Posted by Shawn at August 1, 2003 04:45 AM

U.S. out of Missouri!

Posted by Kevin McGehee at August 1, 2003 05:41 AM

An interesting example of a Confederate leader who rejected post-war guerrilla resistance was Nathan Bedford Forrest, although we was exactly the sort that Sherman predicted would need to be killed to end the war. Forrest described those who would continue to fight for a lost cause as insane.

Posted by Joshua Chamberlain at August 1, 2003 07:04 AM

Forrest did found the Ku Klux Klan, which (at least initially) framed itself almost as much in opposition to the Northern authorities of the Reconstruction era as in opposition to free blacks. It's not only the ones who pick open guerilla warfare that you need to watch out for...

Posted by Jeff Dougherty at August 1, 2003 07:34 AM

Forrest also disavowed the Klan later, for much the same reason -- so I understand -- that he eschewed guerrilla warfare.

Posted by Kevin McGehee at August 1, 2003 10:50 AM

Oh, please, oh please, oh please, Rand, YOU write it! (pleasepleaseplease) No one can do it as well.

We're willing to wait a few days until you're rested. :-)

pleasepleaseplease (with sugar and cream on it)

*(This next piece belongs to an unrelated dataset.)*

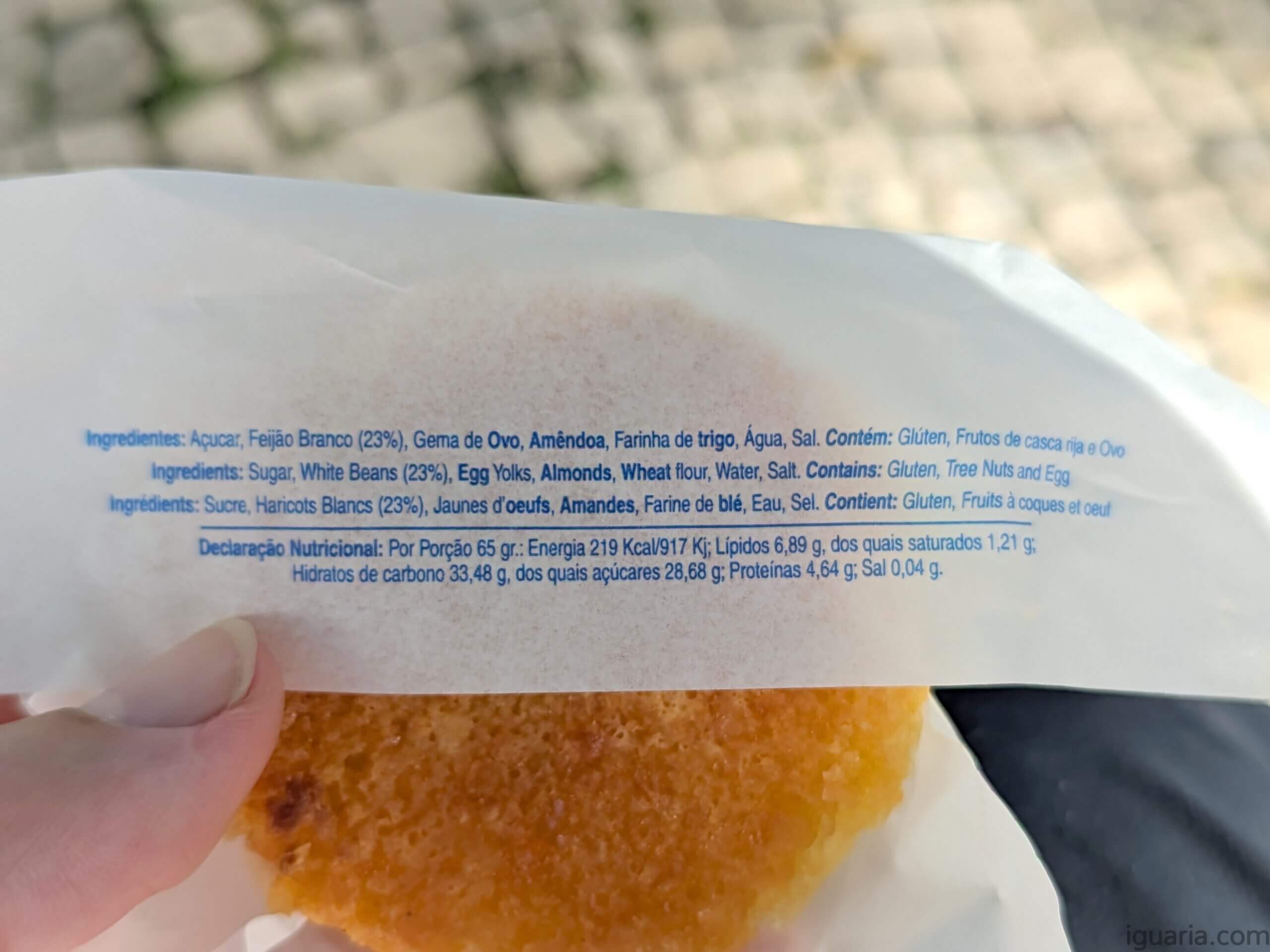 Os ingredientes são: Açúcar, Feijão Branco (23%), Gema de Ovo, Amêndoa, Farinha de Trigo, Água e Sal. Com 337kcal por 100gr este é um produto altamente calórico que deve ser consumido com moderação, mesmo que cada pastel são só 65gr ;D

Posted by Barbara Skolaut at August 1, 2003 11:11 AM

The way that I read the article was that the situation in Iraq can be very subtle. The "informer" that was executed by his own family had also been an informer for the Sadaam regime. The payback was not only for the supposedly innocent vitims of the American raid, but also for years of inform for the Baath Party. The difference is that now the villagers felt that they could act without retaliation.

Posted by Tassled Loafered Leech at August 1, 2003 12:14 PM


Just FYI for those interested in Quantrill --

William Quantrell/Quantrill's gravesite is still somewhat a mystery.

See http://www.aristotle.net/~russjohn/crock.html

Posted by fub at August 1, 2003 01:34 PM

You nailed it, Rand. There were *thousands* of score-settling homicides in Missouri in the first year after the official end of the war. I've often thought that the best response to the "quagmire" meme would be a fake news story about the quagmire in my neck of the woods, circa 1866. I'd write it myself, but I'm just checking in from the road (Alliance, NE, where I've just seen Carhenge -- look it up!).

Posted by Jay Manifold at August 1, 2003 03:08 PM

Personally, I would have considered the the burning of Osceola MO By Jim Lane and the Kansas Redlegs as the provocative terrorist act of the War Between the States. If somebody burned your house and raped and killed your wife, you might have turned out like the fictional Josey Wales, representative of many of Quantrells men, too.

Posted by Mike Puckett at August 1, 2003 07:16 PM

Guerrilla war is NOT what we are fighting. Any more than thats what is happening in S. Korea, and soldiers and marines are STILL dying there every year. Guerilla war assumes an effective and well led force, we are seeing the last gasps of an ousted regime.

When Mr. Bush announced an end, he announced an end to MAJOR MILITARY ACTION, not an end to all military action. The major guerilla action is being carried out in the U.S. press, whose corps of diligent combatants continue to find ANY bad news coming out of the middle east. All the while trying to convince the American public how misguided our actions are in Iraq.

Should the father have killed his son, probably not. But if you push the issue too far, look out for the consequences. The son went too far in the opinion of the towns people. Lawlessness is nothing new in Iraq, it has just filtered down from the top rung, all the way to the bottom rung of Iraqi society.

Saddam used to kill anyone he felt was a threat, could this be what the people of Iraq learned from that?